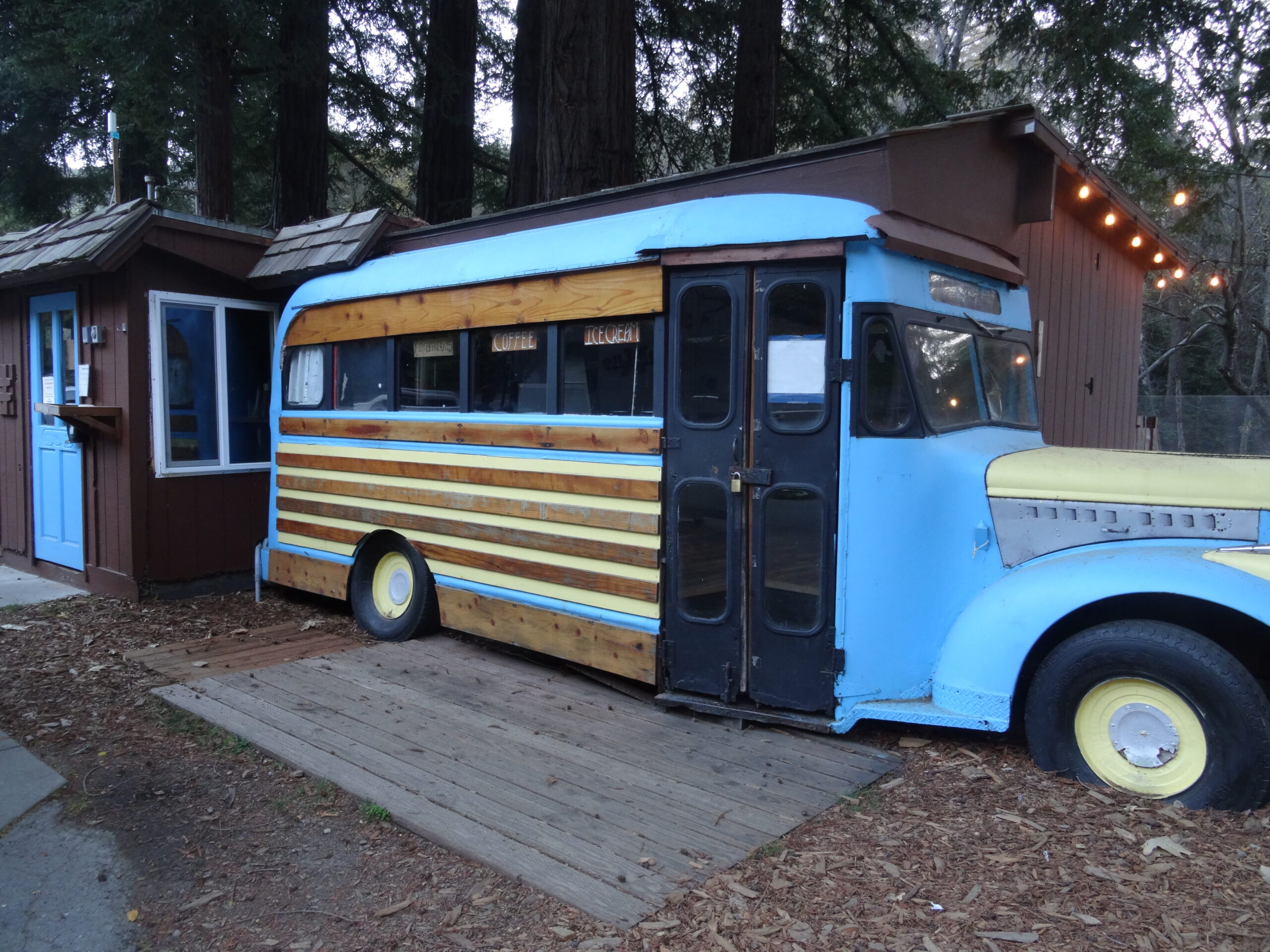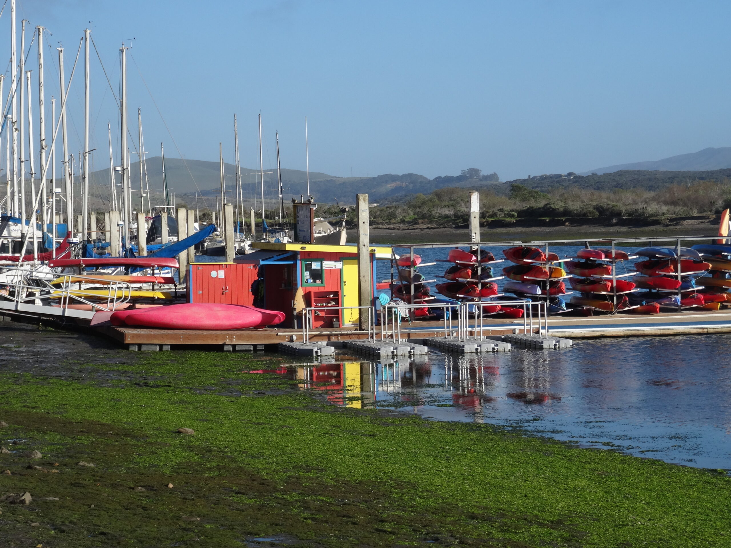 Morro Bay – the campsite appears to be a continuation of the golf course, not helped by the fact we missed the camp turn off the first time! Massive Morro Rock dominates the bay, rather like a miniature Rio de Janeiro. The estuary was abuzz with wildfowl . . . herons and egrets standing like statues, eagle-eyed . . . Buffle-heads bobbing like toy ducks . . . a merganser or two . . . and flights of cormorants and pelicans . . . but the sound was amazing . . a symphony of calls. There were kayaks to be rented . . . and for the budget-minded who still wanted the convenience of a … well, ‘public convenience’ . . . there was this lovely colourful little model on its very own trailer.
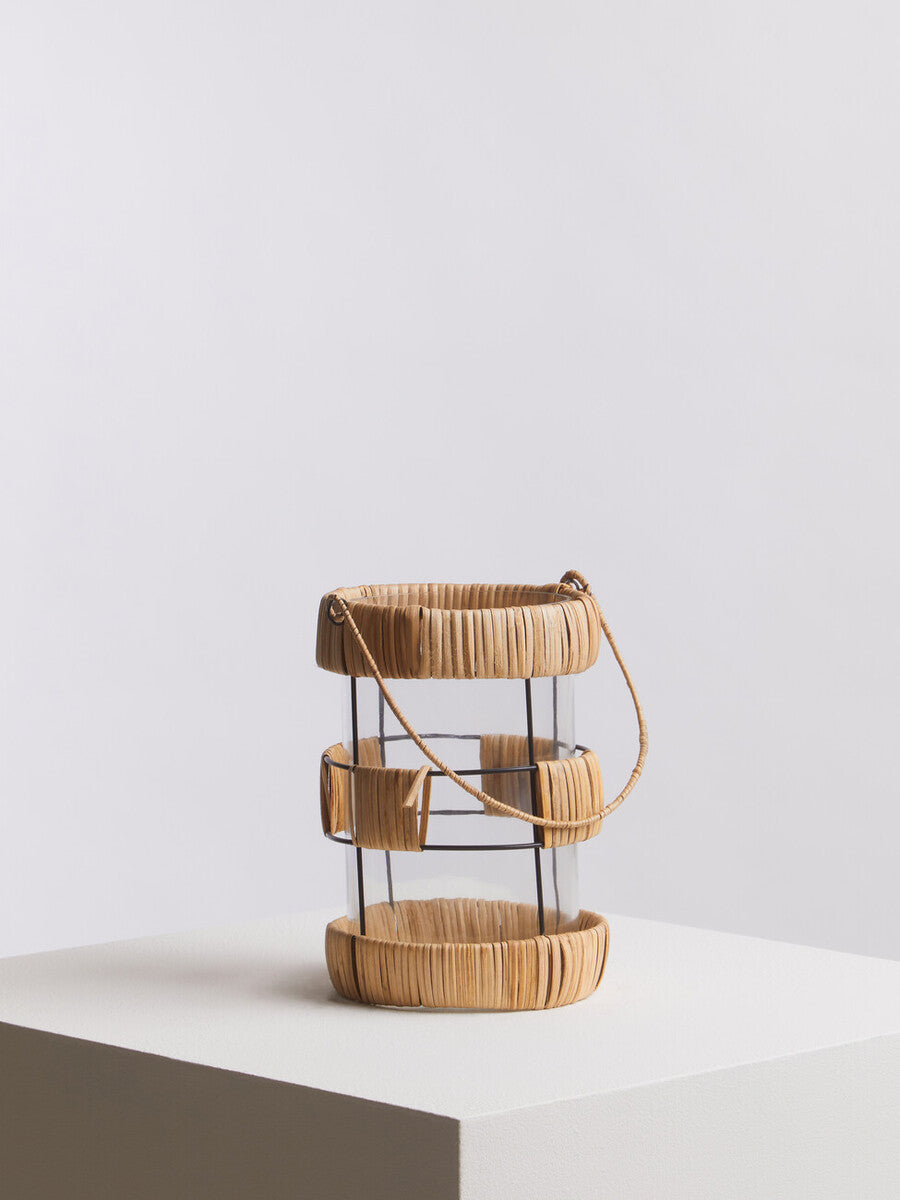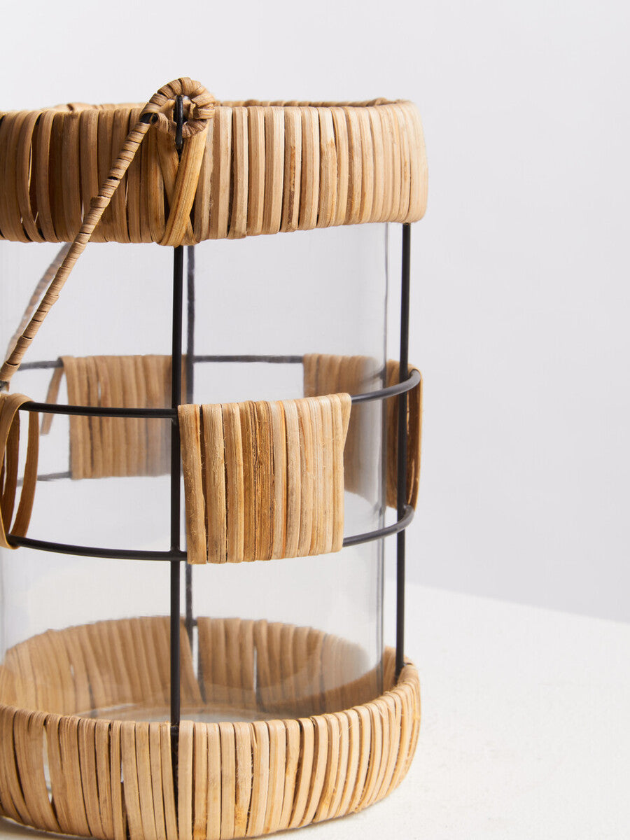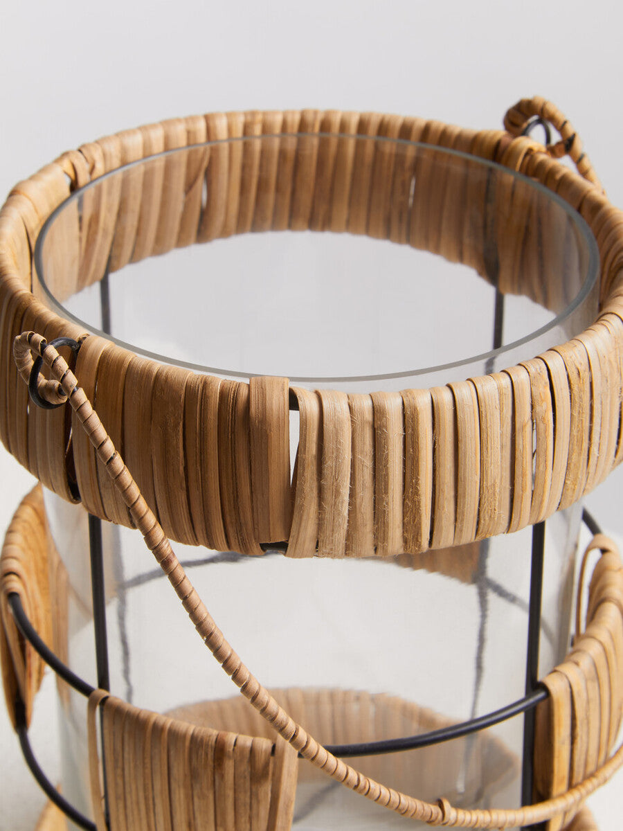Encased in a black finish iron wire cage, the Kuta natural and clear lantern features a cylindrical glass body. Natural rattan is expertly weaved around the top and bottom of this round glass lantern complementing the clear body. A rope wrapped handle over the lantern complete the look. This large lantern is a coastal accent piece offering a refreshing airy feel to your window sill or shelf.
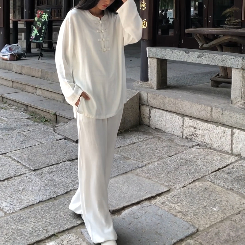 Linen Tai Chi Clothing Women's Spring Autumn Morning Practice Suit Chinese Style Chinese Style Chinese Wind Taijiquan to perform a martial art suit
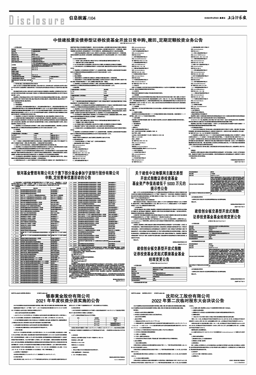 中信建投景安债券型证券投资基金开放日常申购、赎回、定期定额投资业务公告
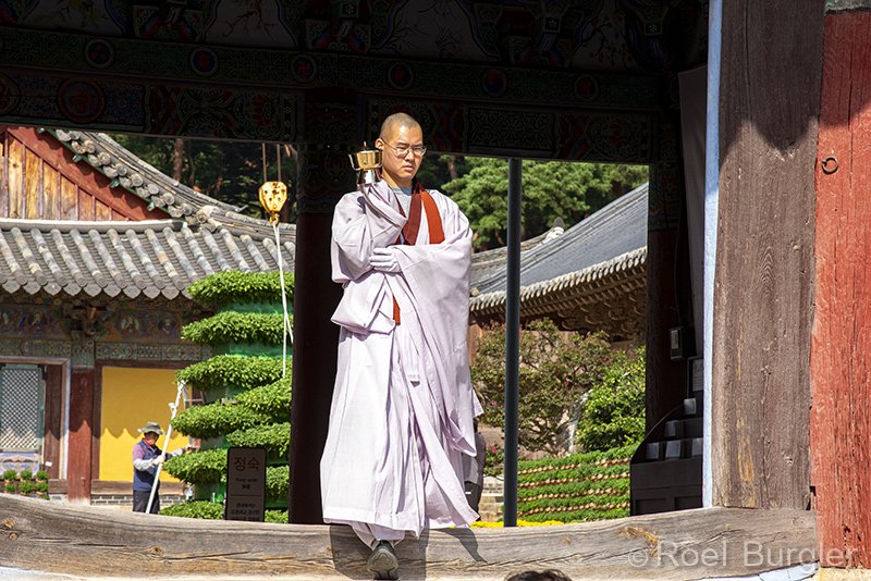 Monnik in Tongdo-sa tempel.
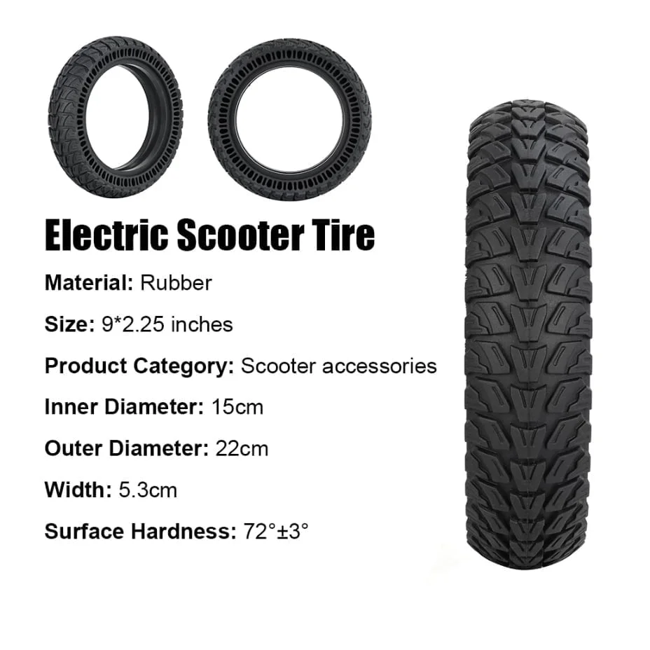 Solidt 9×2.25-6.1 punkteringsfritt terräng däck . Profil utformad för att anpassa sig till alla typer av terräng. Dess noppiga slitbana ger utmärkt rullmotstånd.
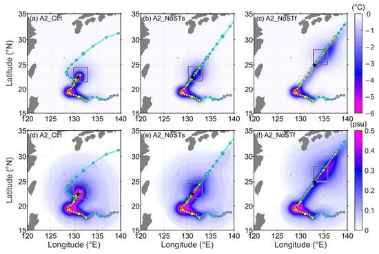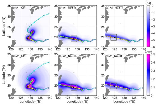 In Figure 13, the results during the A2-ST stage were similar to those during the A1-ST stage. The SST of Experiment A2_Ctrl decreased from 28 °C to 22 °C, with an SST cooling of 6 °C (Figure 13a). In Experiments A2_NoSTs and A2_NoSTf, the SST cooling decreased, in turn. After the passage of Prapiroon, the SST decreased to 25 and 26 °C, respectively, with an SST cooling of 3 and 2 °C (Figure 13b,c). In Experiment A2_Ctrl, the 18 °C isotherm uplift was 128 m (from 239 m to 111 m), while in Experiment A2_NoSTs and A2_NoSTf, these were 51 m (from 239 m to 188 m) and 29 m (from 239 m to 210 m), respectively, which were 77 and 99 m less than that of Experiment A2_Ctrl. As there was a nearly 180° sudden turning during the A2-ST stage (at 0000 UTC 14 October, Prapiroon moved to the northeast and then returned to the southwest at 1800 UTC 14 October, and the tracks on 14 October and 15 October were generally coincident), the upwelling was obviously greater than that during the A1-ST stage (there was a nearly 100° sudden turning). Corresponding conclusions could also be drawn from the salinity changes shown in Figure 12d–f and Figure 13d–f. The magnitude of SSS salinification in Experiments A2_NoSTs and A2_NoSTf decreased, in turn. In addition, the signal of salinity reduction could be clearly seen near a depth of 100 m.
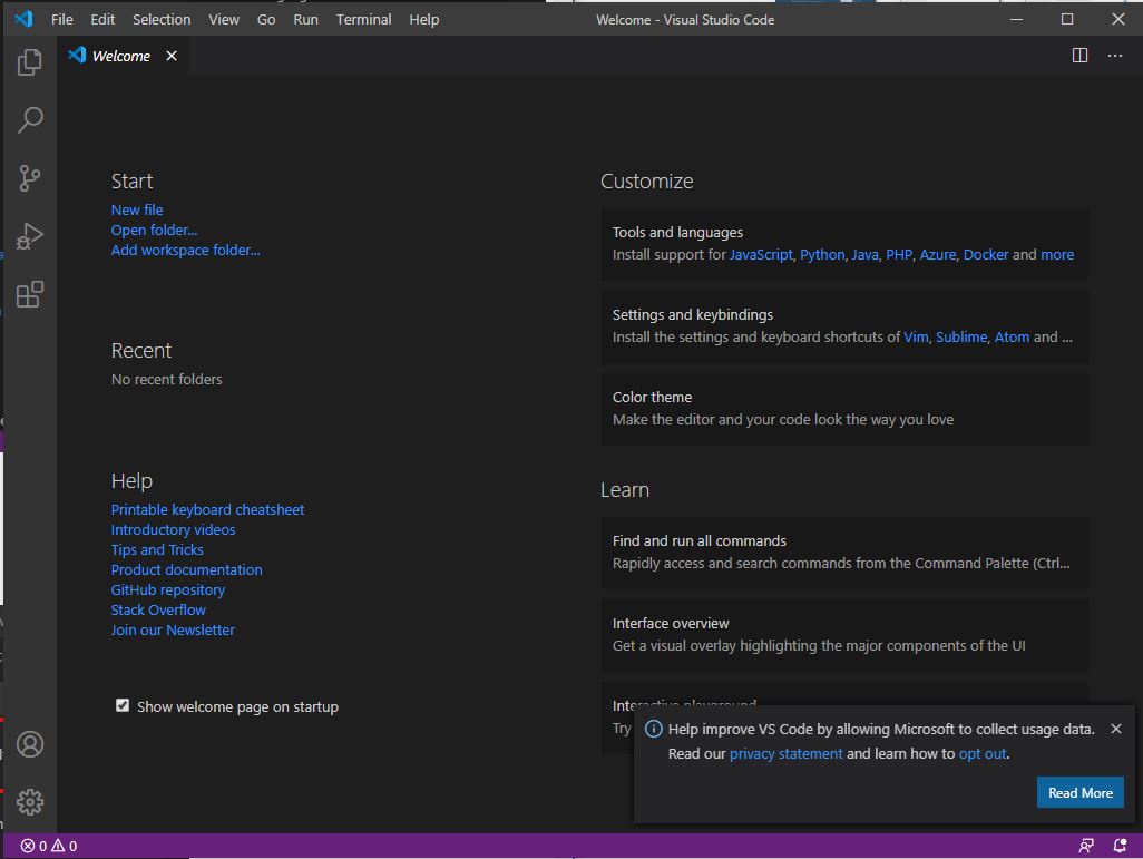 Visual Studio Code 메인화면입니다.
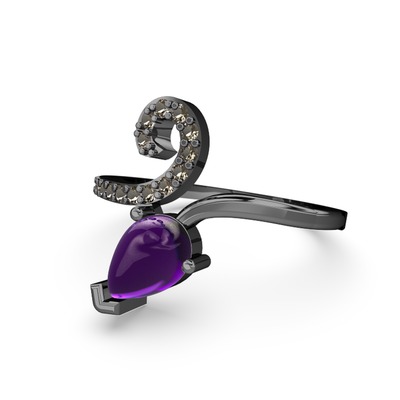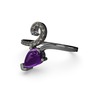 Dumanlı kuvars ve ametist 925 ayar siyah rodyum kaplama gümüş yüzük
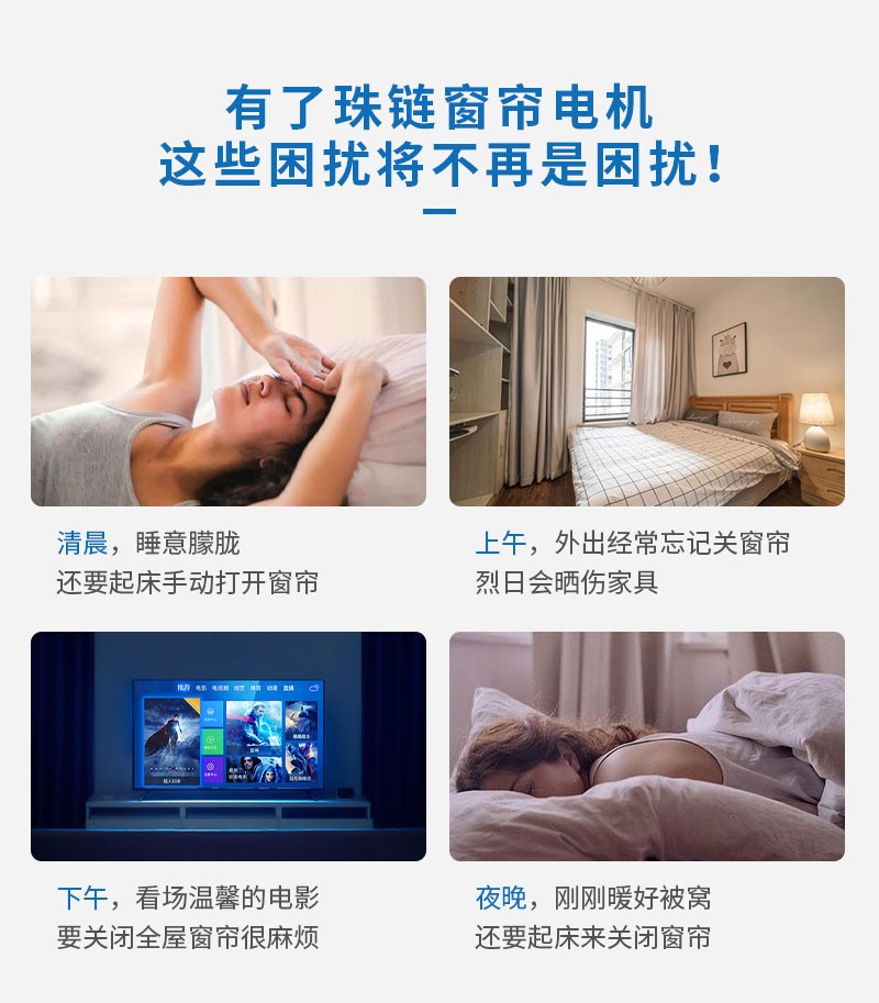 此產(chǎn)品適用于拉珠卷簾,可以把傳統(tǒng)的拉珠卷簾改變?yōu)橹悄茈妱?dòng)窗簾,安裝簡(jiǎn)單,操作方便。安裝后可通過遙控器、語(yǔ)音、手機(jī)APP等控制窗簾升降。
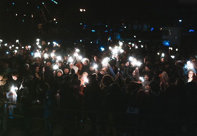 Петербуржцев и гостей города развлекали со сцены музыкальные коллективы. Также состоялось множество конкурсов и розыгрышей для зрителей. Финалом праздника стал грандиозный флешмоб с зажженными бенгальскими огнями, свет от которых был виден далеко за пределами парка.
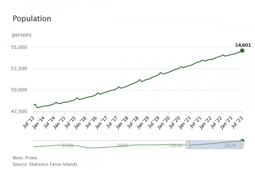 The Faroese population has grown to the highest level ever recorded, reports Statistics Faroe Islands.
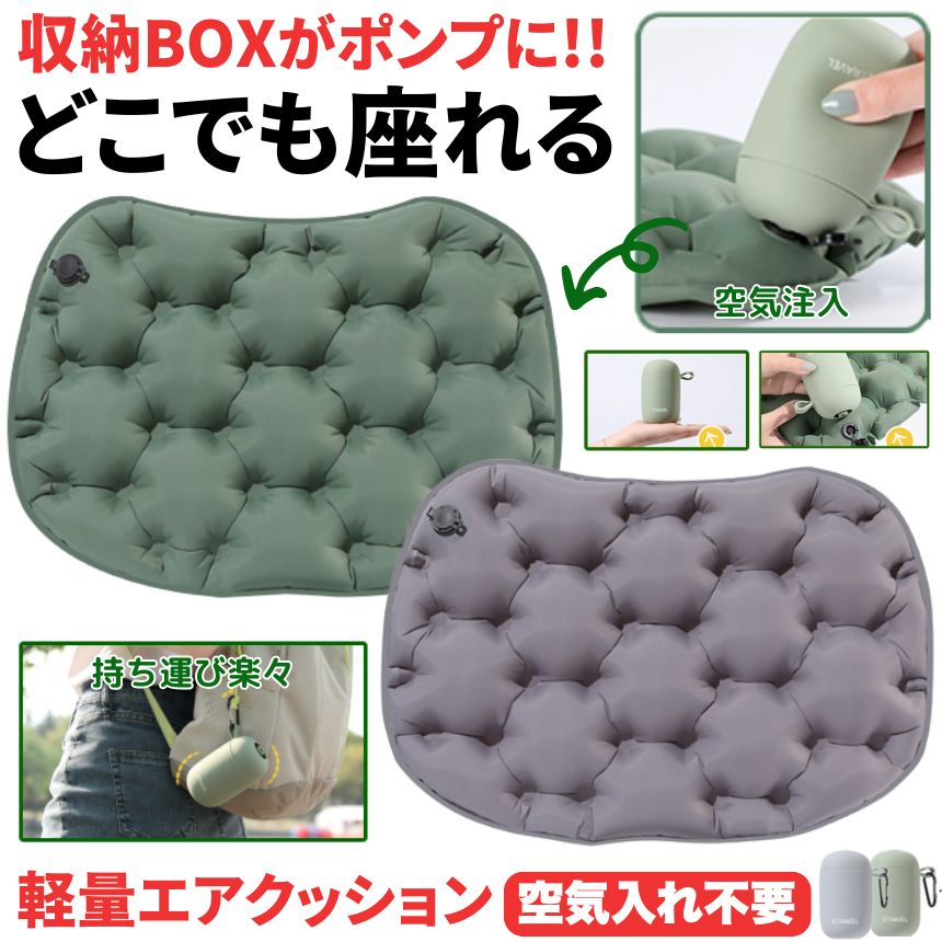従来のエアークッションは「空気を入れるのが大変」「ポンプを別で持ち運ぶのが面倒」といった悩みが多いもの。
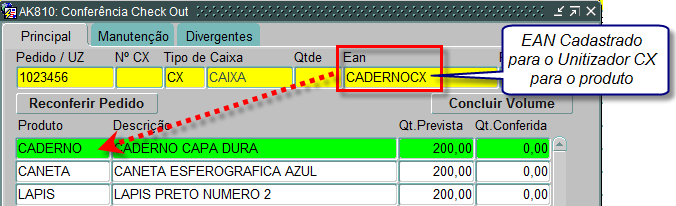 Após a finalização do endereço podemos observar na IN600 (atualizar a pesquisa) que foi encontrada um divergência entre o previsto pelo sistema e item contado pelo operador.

**Aim of the task**.
In the listing above, find the line holding "中信建投景安债券型证券投资基金开放日常申购、赎回、定期定额投资业务公告" and the line holding "Solidt 9×2.25-6.1 punkteringsfritt terräng". Reproduce those two lines and all between them exactly, leaving out pictures.

**Written reply**.
 中信建投景安债券型证券投资基金开放日常申购、赎回、定期定额投资业务公告
 Monnik in Tongdo-sa tempel.
 Solidt 9×2.25-6.1 punkteringsfritt terräng däck . Profil utformad för att anpassa sig till alla typer av terräng. Dess noppiga slitbana ger utmärkt rullmotstånd.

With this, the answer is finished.